У меня есть скрипт bash, который используется в CGI. CGI устанавливает переменную среды $QUERY_STRING, читая все, что находится после URL-адреса ?. Например, http://example.com?a=123&b=456&c=ok устанавливает QUERY_STRING=a=123&b=456&c=ok.

Где-то я обнаружил следующее безобразие:

b=$(echo "$QUERY_STRING" | sed -n 's/^.*b=\([^&]*\).*$/\1/p' | sed "s/%20/ /g")

который установит $ b к тому, что было найдено в $ QUERY_STRING для b. Однако мой сценарий вырос до десяти входных параметров.
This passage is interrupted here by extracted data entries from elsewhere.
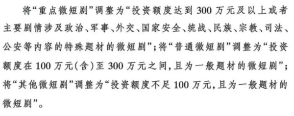 这一变化主要受国家广电总局1月起正式实施的微短剧分层分类新标准影响。根据最新标准,“重点微短剧”投资额下限从100万元调整至300万元。
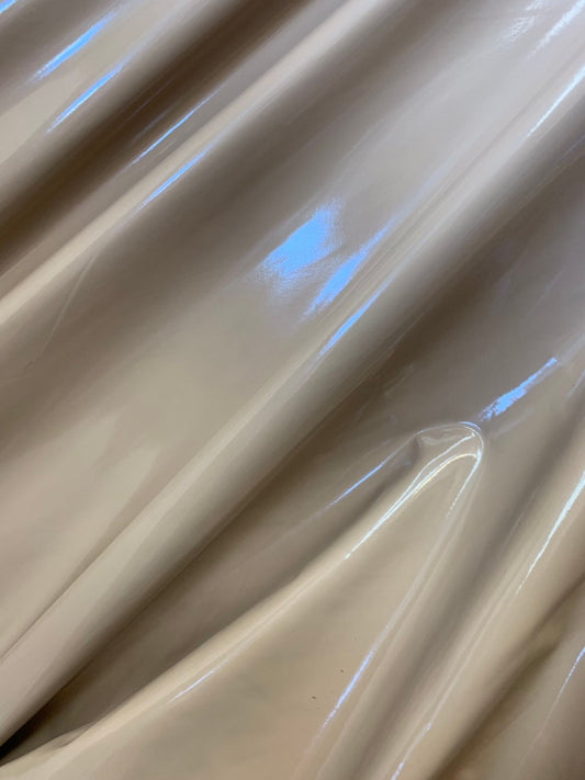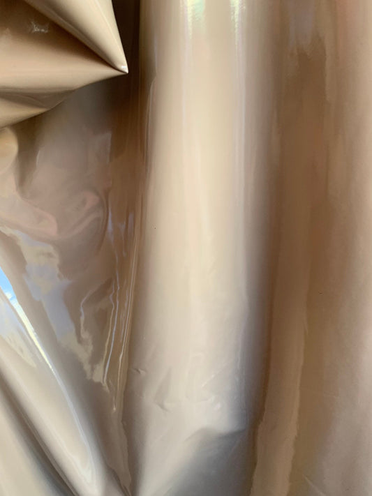 Latex spandex vinyl shining taupe color 4way stretch 58/60" Sold by the YD. Ships worldwide from Los Angeles California USA.
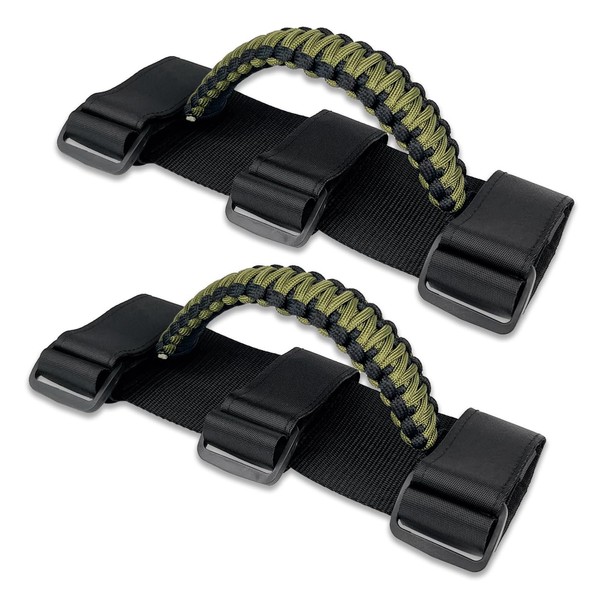 ROMASO Roll Bar Grab Handles for ATV & UTV Roll Cage Grab Bar Handles Adjustable Soft Paracord Handles for 1.5"-2" Bars,2 Pack (Black&Olive)

Есть ли более простой способ автоматического преобразования параметров в $ QUERY_STRING в переменные среды, используемые bash?

Возможно, я просто использую цикл for некоторого вида, но было бы еще лучше, если бы скрипт был достаточно умен, чтобы автоматически определять каждый параметр и, возможно, создать массив, который выглядит примерно так:

${parm[a]}=123
${parm[b]}=456
${parm[c]}=ok

Как я мог написать код для этого?

4b9b3361

ОТВЕТЫ

Ответ 1

Попробуйте следующее:

saveIFS=$IFS
IFS='=&'
parm=($QUERY_STRING)
IFS=$saveIFS

Теперь у вас есть это:

parm[0]=a
parm[1]=123
parm[2]=b
parm[3]=456
parm[4]=c
parm[5]=ok

В Bash 4, который имеет ассоциативные массивы, вы можете сделать это (используя массив, созданный выше):

declare -A array
for ((i=0; i<${#parm[@]}; i+=2))
do
    array[${parm[i]}]=${parm[i+1]}
done

который даст вам следующее:

array[a]=123
array[b]=456
array[c]=ok

Edit:

Чтобы использовать косвенное использование в Bash 2 и более поздних версиях (используя массив parm, созданный выше):

for ((i=0; i<${#parm[@]}; i+=2))
do
    declare var_${parm[i]}=${parm[i+1]}
done

Затем вы получите:

var_a=123
var_b=456
var_c=ok

Вы можете получить доступ к ним напрямую:

echo $var_a

или косвенно:

for p in a b c
do
    name="var$p"
    echo ${!name}
done

Если возможно, лучше избегать косвенности, поскольку он может сделать код грязным и быть источником ошибок.

Ответ 2

вы можете сломать $QUERY вниз, используя IFS. Например, установив его на &

$ QUERY="a=123&b=456&c=ok"
$ echo $QUERY
a=123&b=456&c=ok
$ IFS="&"
$ set -- $QUERY
$ echo $1
a=123
$ echo $2
b=456
$ echo $3
c=ok

$ array=([email protected])

$ for i in "${array[@]}"; do IFS="=" ; set -- $i; echo $1 $2; done
a 123
b 456
c ok

И вы можете сохранить хеш-словарь в Bash 4 +

$ declare -A hash
$ for i in "${array[@]}"; do IFS="=" ; set -- $i; hash[$1]=$2; done
$ echo ${hash["b"]}
456

Ответ 3

Пожалуйста, не используйте злой утиль eval.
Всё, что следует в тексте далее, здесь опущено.